== Data shown ==

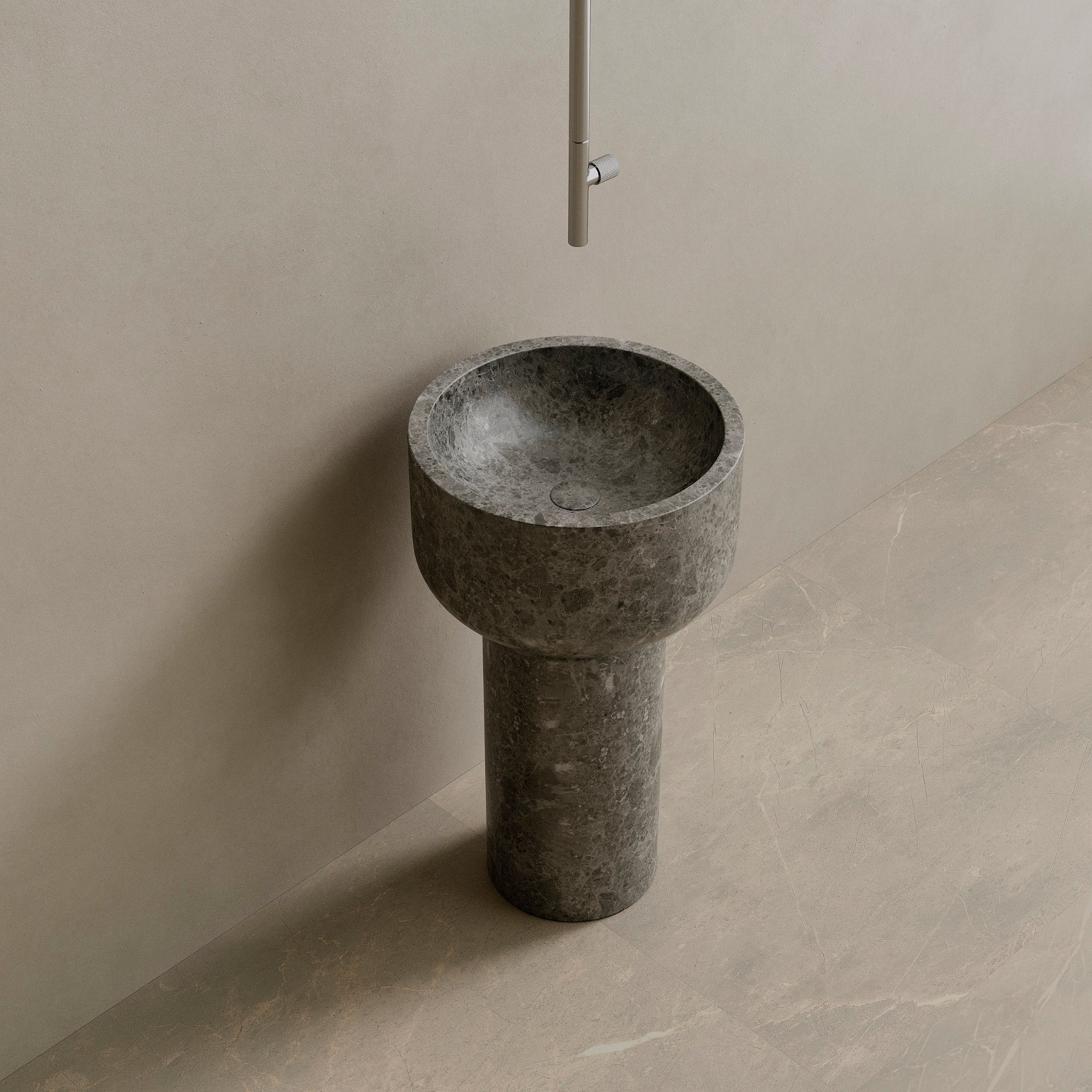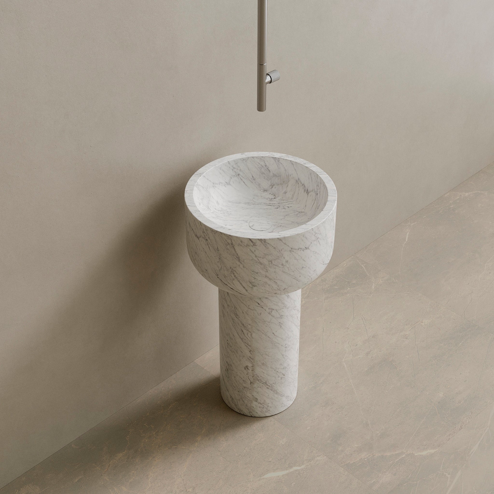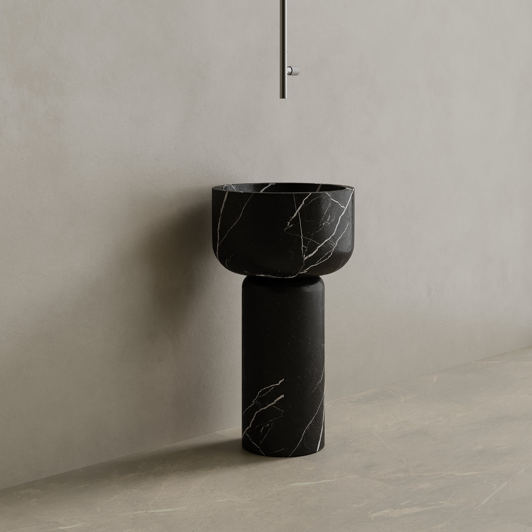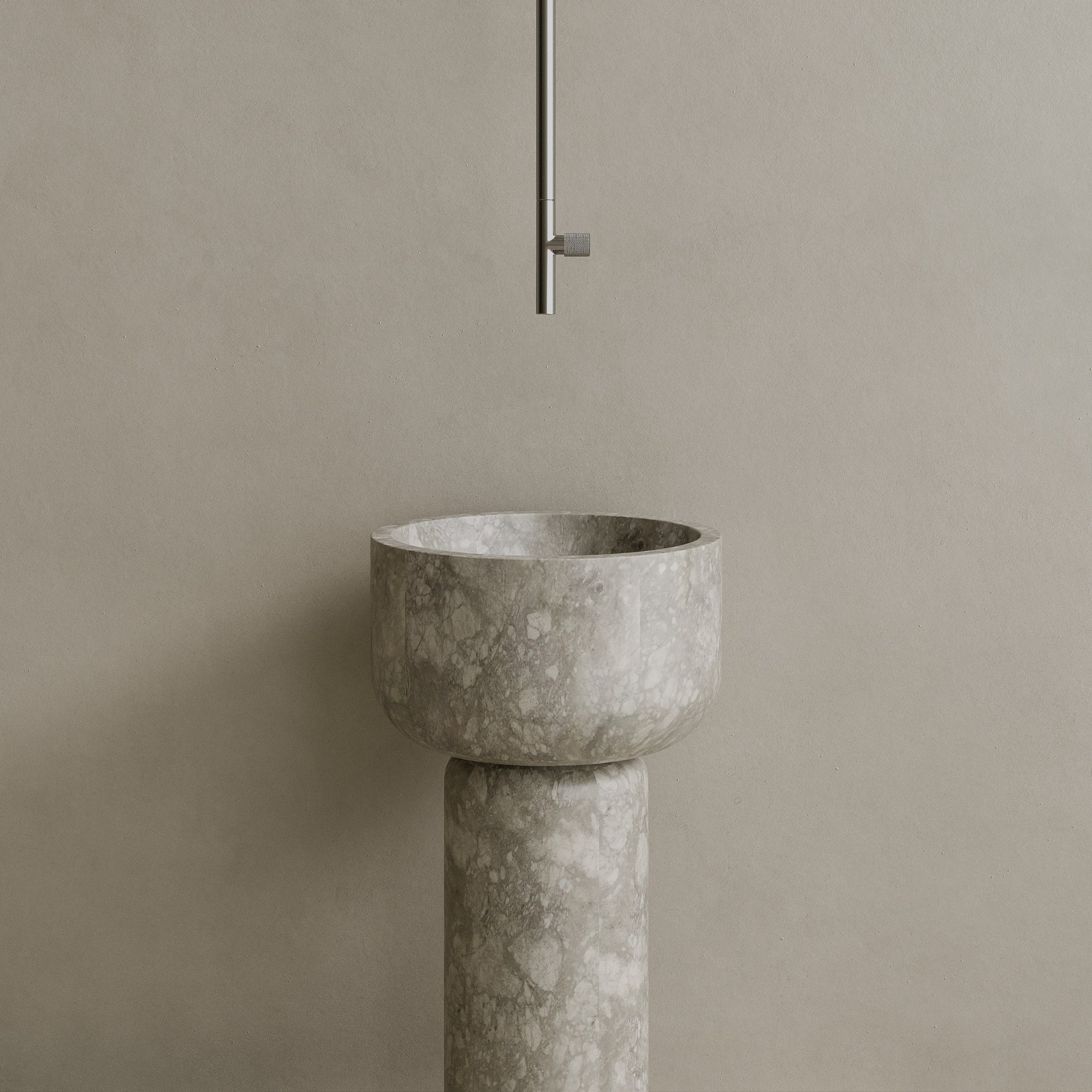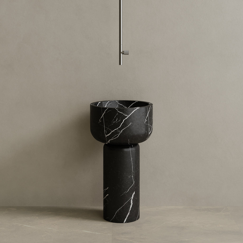The Veso Freestanding Pedestal Sink introduces sculptural form with its deep, rounded basin and seamless cylindrical base. Crafted from solid stone, this monolithic sink merges classical vessel proportions with contemporary minimalism. Its softened geometry and bold silhouette create a striking focal point for refined bath spaces.
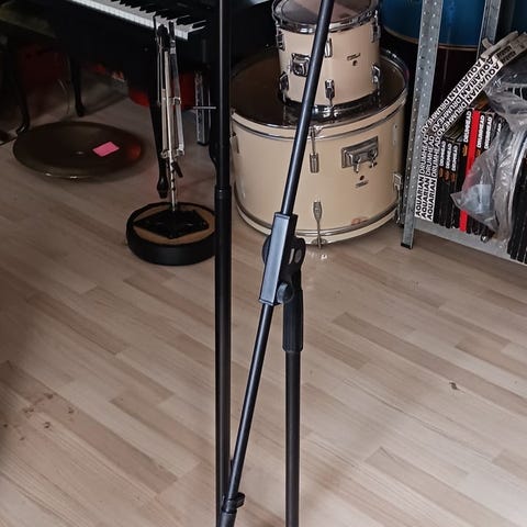 Mikrofonstativ med justerbar højde og monteret popfilter. Stativet har flere led og spænder til fastgørelse af mikrofonholder og tilbehør. Egnet til brug i hjemmestudie, podcast eller indspilning, hvor der er behov for stabil placering af mikrofon og dæmpning af poplyde.
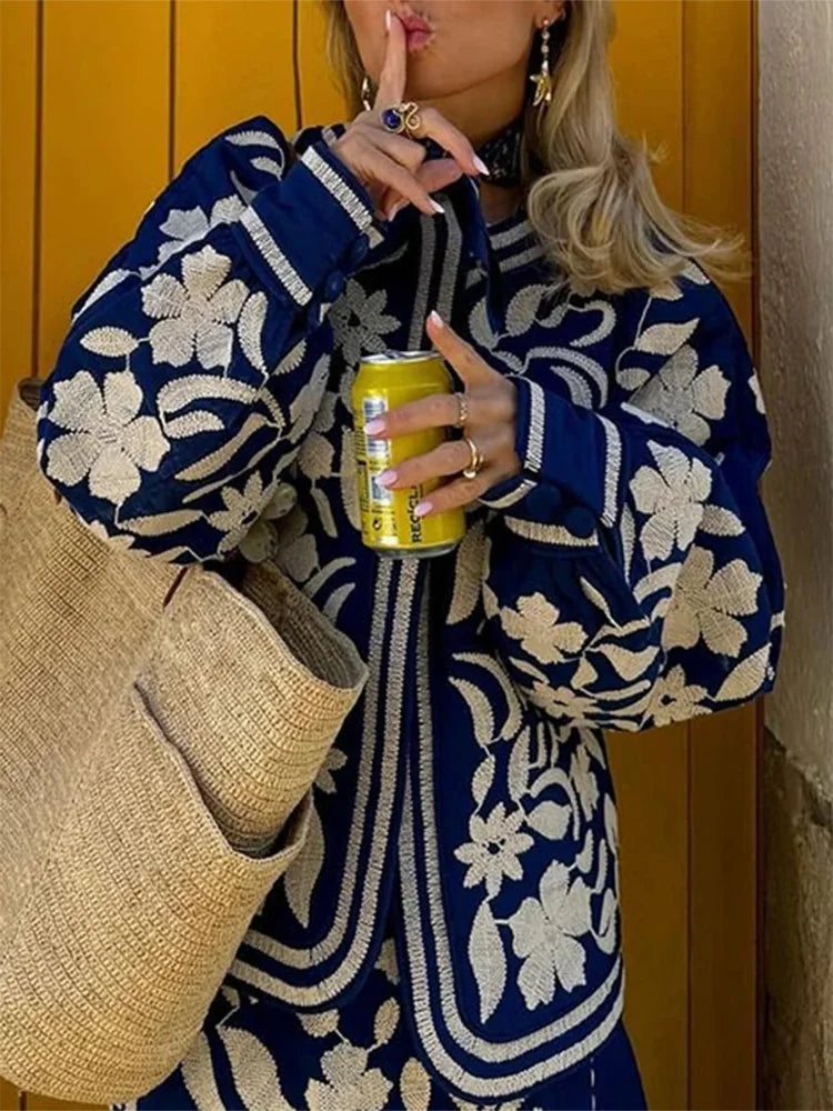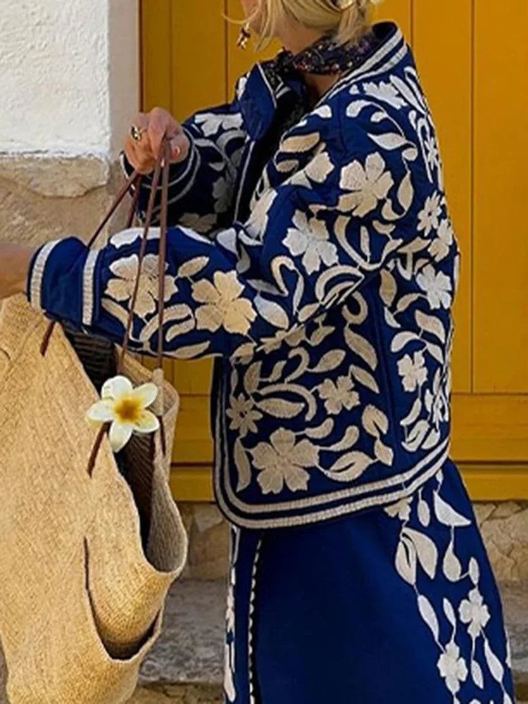 Model Number: Women'S Retro Open Front Printed Embroidered Jacket
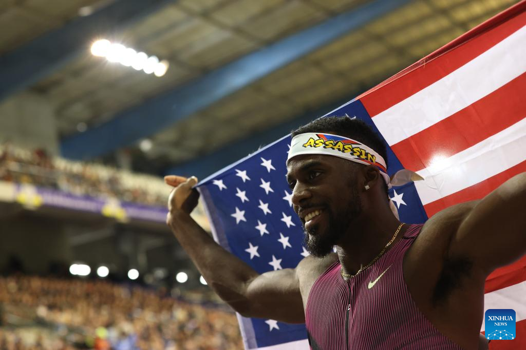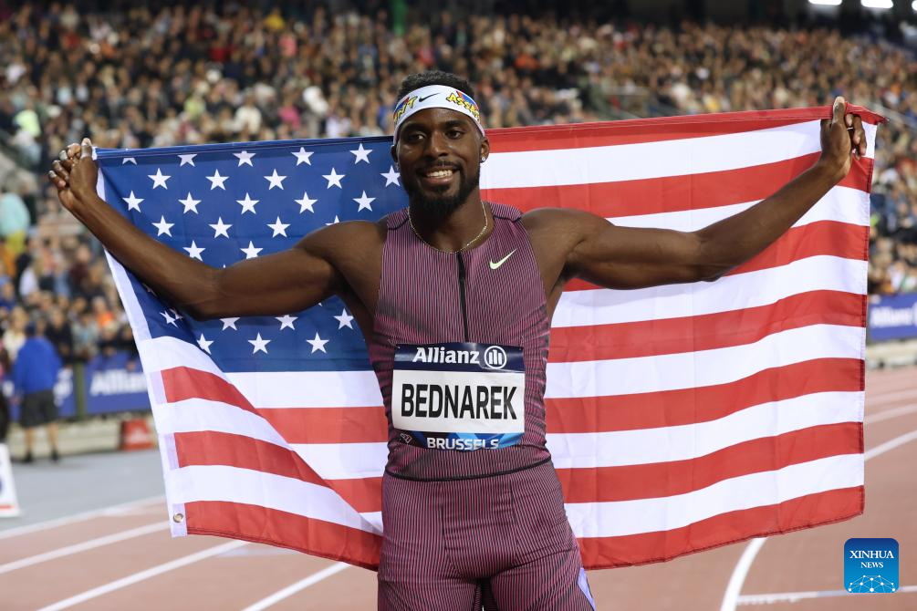 BRUSELAS, 15 septiembre, 2024 (Xinhua) -- Imagen del 14 de septiembre de 2024 de Kenneth Bednarek, de Estados Unidos, festejando después de ganar la final de 200m masculinos en la Reunión de Bruselas de la Liga de Diamante 2024, en Bruselas, Bélgica. (Xinhua/Zhao Dingzhe)
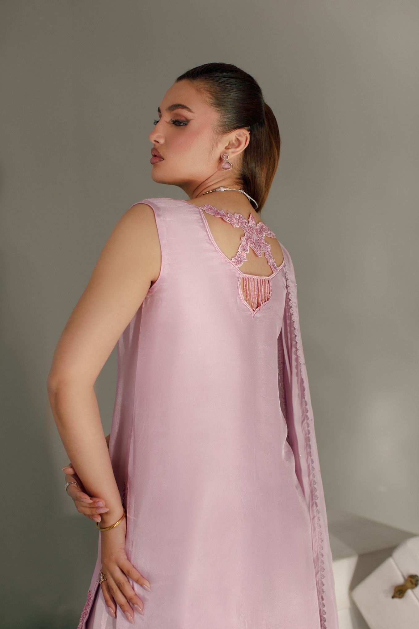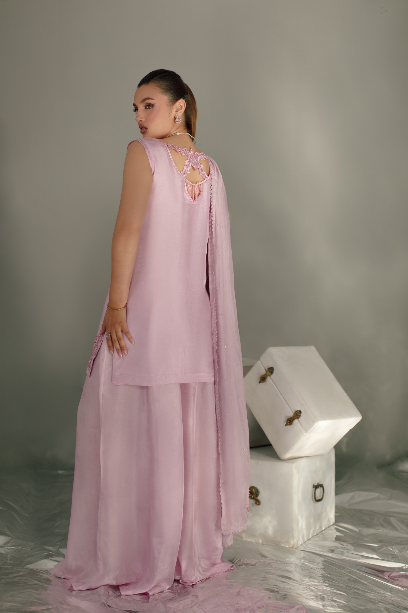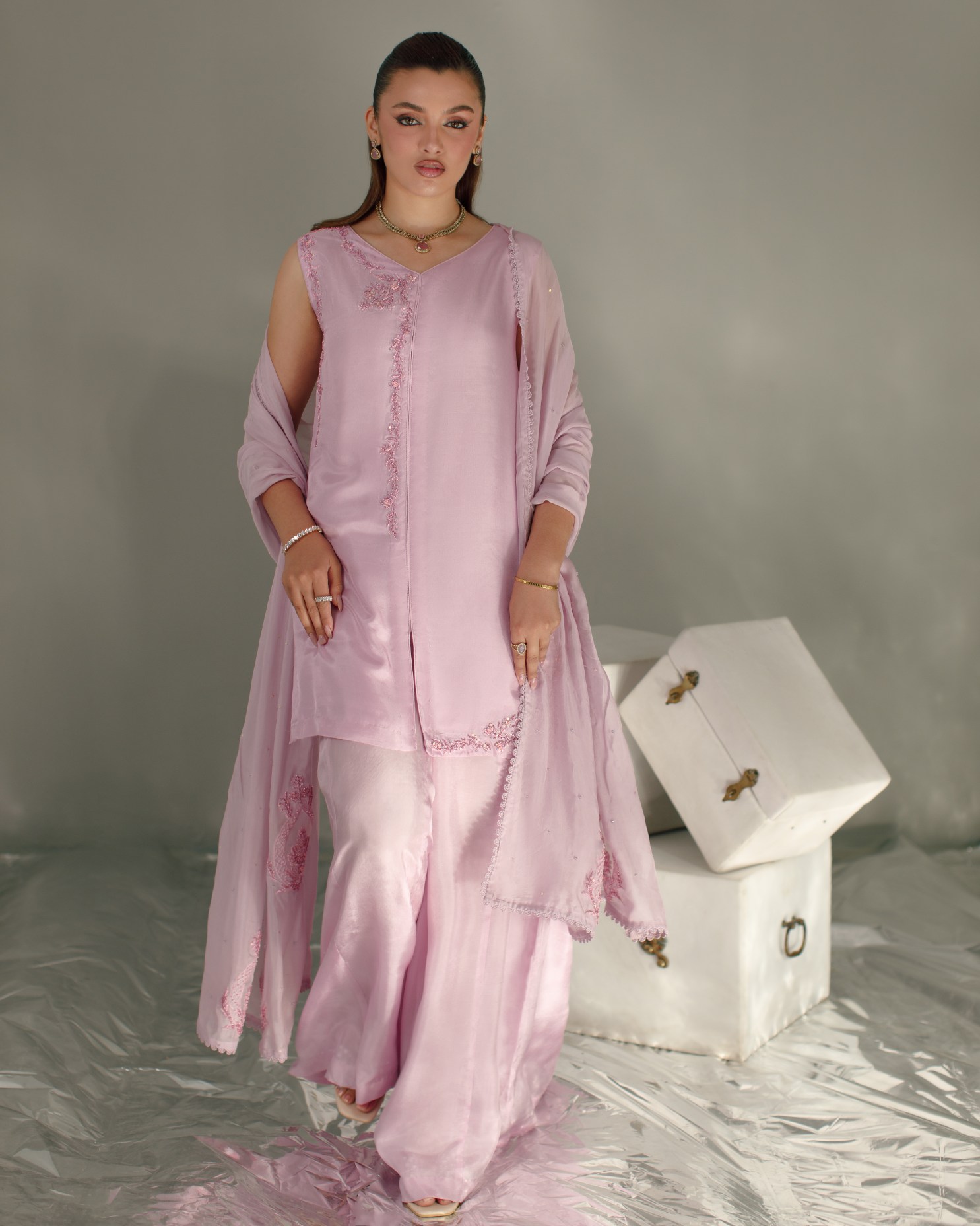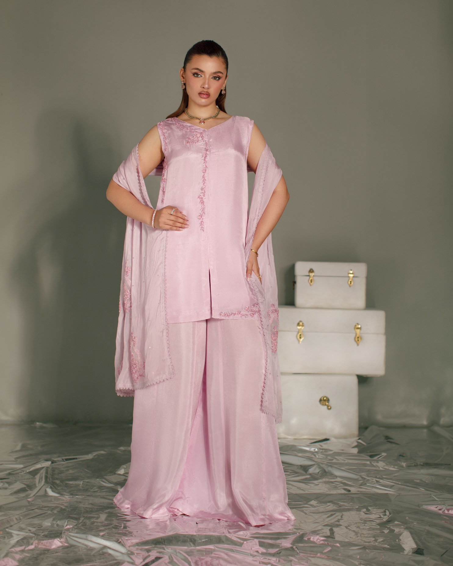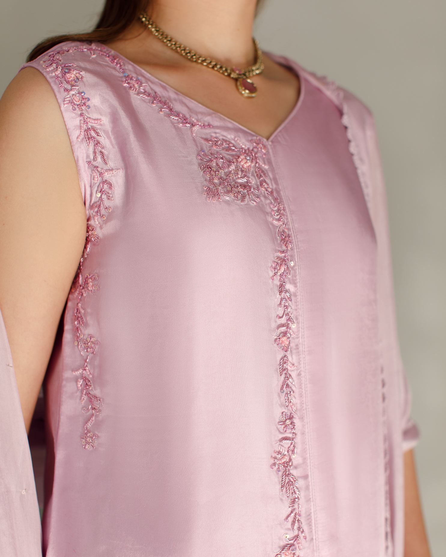 Product Details: A delicate festive statement in pastel lilac. This elegant look features sharara pants paired with a sleeveless front open shirt, beautifully adorned with machine and hand embroidery enhanced with classic zardozi work. Intricate motifs along the neckline create a graceful focal point, while side daman detailing adds refined craftsmanship to the silhouette. Styled with a soft dupatta finished with appliqué work, bringing texture and timeless festive elegance to the ensemble.

===

• _Instructions to follow_
Copy the records above exactly, from the first line through the line containing "BRUSELAS, 15 septiembre, 2024", and leave out the pictures.

• _Response area_
The Veso Freestanding Pedestal Sink introduces sculptural form with its deep, rounded basin and seamless cylindrical base. Crafted from solid stone, this monolithic sink merges classical vessel proportions with contemporary minimalism. Its softened geometry and bold silhouette create a striking focal point for refined bath spaces.
 Mikrofonstativ med justerbar højde og monteret popfilter. Stativet har flere led og spænder til fastgørelse af mikrofonholder og tilbehør. Egnet til brug i hjemmestudie, podcast eller indspilning, hvor der er behov for stabil placering af mikrofon og dæmpning af poplyde.
 Model Number: Women'S Retro Open Front Printed Embroidered Jacket
 BRUSELAS, 15 septiembre, 2024 (Xinhua) -- Imagen del 14 de septiembre de 2024 de Kenneth Bednarek, de Estados Unidos, festejando después de ganar la final de 200m masculinos en la Reunión de Bruselas de la Liga de Diamante 2024, en Bruselas, Bélgica. (Xinhua/Zhao Dingzhe)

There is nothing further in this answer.